Dans les interactions entre particules élémentaires, il semble être d’une nature qui n’a plus rien à voir avec notre monde macroscopique au point que l’on pourrait dire que : « le temps n’existe pas au niveau des plus fines structures de la matière, il émerge au niveau des systèmes complexes en évolution », ou plus catégorique : « le temps n’existe pas, il n’existe que des systèmes en évolution ». À ce sujet, si on lit ce que disent les théoriciens actuels quand ils parlent du concept de « temps », on se demande pourquoi il existe encore des revues traitant des questions du genre : « Qu’est-ce qu’il y avait avant le big bang ? » Il semble que les tout débuts de l’univers ne puissent se comprendre (?) qu’en termes quantiques… Dans ces conditions se demander ce qu’il y avait avant est peut-être inutile si les phénomènes alors en jeu brisent la notion de temps !

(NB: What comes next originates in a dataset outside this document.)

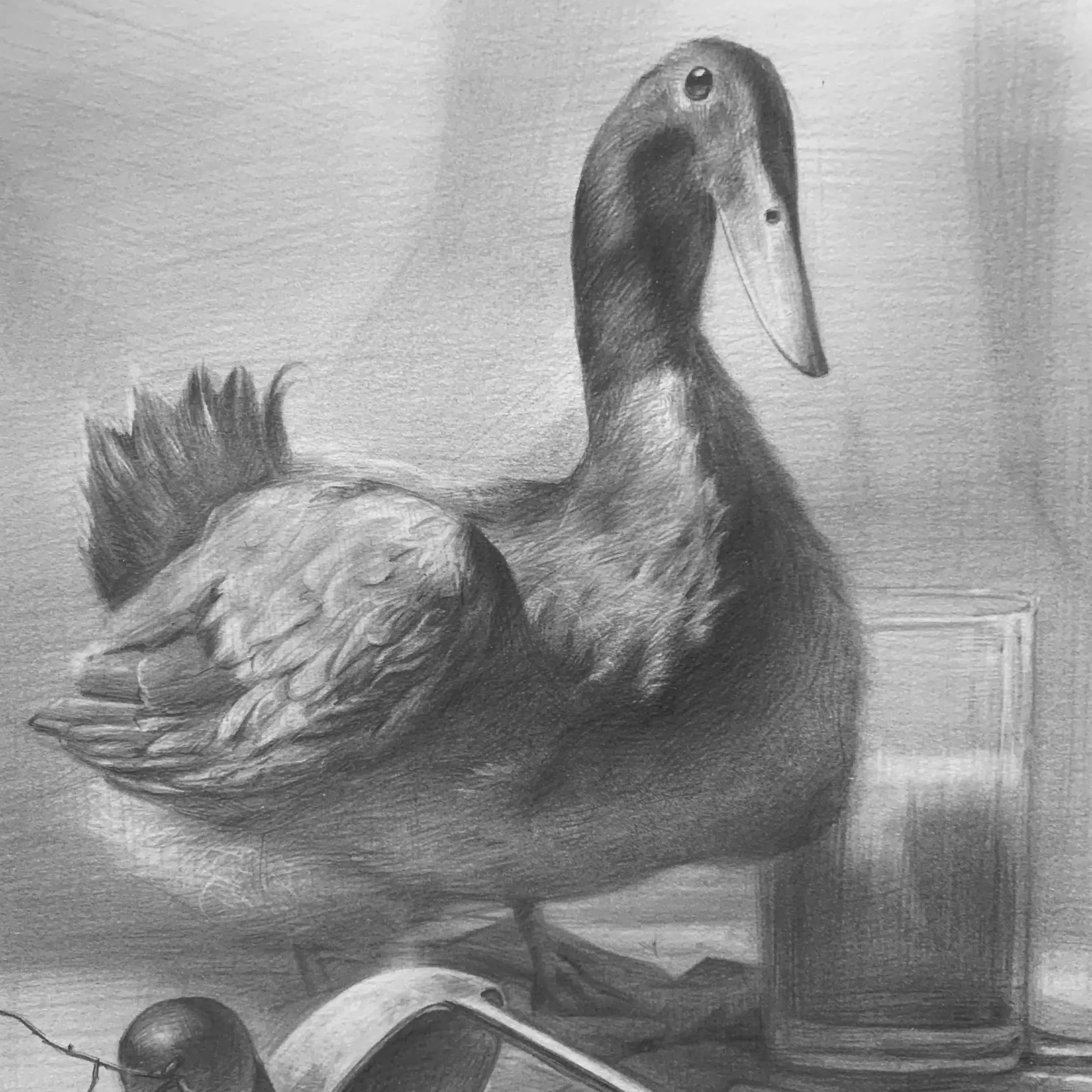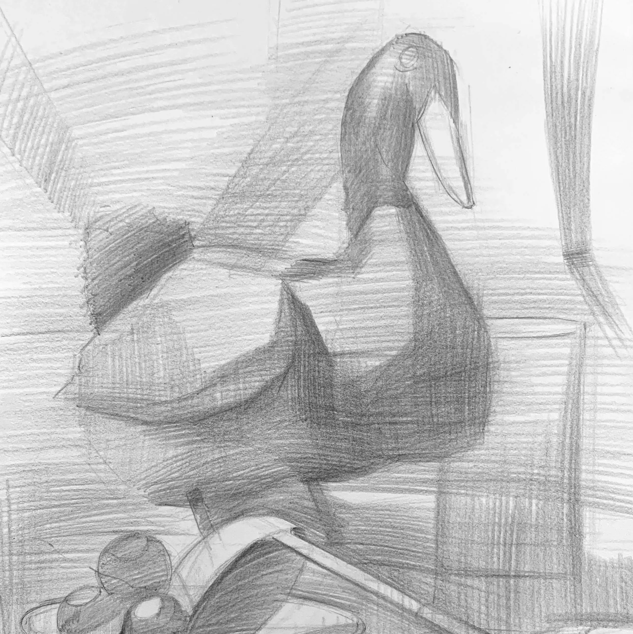 這週鳥類靜物組課堂習作,調整不同物件之間位置及強度。

Tout cela pour dire que lorsque l’on examine le fonctionnement électrique du cerveau à très petite échelle, même si l’on est encore très au-dessus des phénomènes quantiques, est-ce que l’on a raison de parler de « souvenirs » et de « projets » ? L’homme ayant créé le concept « temps » les a certainement très vite dérivés dans ses nombreuses cultures en concepts « souvenirs » et « projets ». Mais si nous observons le fonctionnement de notre propre cerveau, en utilisant des concepts bien ancrés depuis des milliers d’années, qu’est-ce qui prouve qu’ils sont adaptés à décrire le monde neuronal ? Car enfin, que « sait » le cerveau (je veux parler du fonctionnement observé) du concept « temps » ? Le concept « temps » est-il codé quelque part dans les connexions ? Ou bien apparaît-il (émerge-t-il) dans le cadre de modèles de niveaux plus « élevés » aptes à décrire justement « mémoire » et « souvenir » ? J’ai quelques difficultés à penser que la mémoire d’un individu puisse se réduire à l’état électrique d’une assemblée de neurones, n’est-ce pas un peu réductionniste ? Je trouverais plus intéressant d’avoir une approche hiérarchique, par exemple décrivant des structures « méta » comme celles des multi-agents de l’excellent livre « La société de l’esprit » de Marvin Minsky qui fonda en 1958 le laboratoire d’intelligence artificielle du MIT.

Donc si, quand nous pensons « souvenir » ou « projet », notre cerveau active rigoureusement les mêmes zones, est-ce que cela ne voudrait pas dire que les concepts « passé » et « futur » n’ont aucune signification à l’échelle neuronale ? Cela n’a évidemment rien à voir avec les multiples transmissions neuronales et synaptiques qui affectent le cerveau à un instant donné ; ce n’est somme toute « qu’un » système complexe en évolution. Qui peut dire le contraire ? Alors, de la même manière que l’on sait que les concepts habituels de notre monde ne peuvent pas être utilisés pour comprendre le fonctionnement du monde quantique, les concepts de notre monde permettent-ils de comprendre le fonctionnement intime de notre cerveau ?

On l’aura compris, même si je suis informaticien - mais peut-être parce que j’ai travaillé en recherche en intelligence artificielle et que je me suis interrogé sur la nature de la conscience – j’ai quelques doutes sur l’utilisation de concepts « modernes » actuels pour décrire l’organe de la connaissance. J’ai aussi quelques doutes sur les capacités de l’organe de la connaissance à se comprendre lui-même.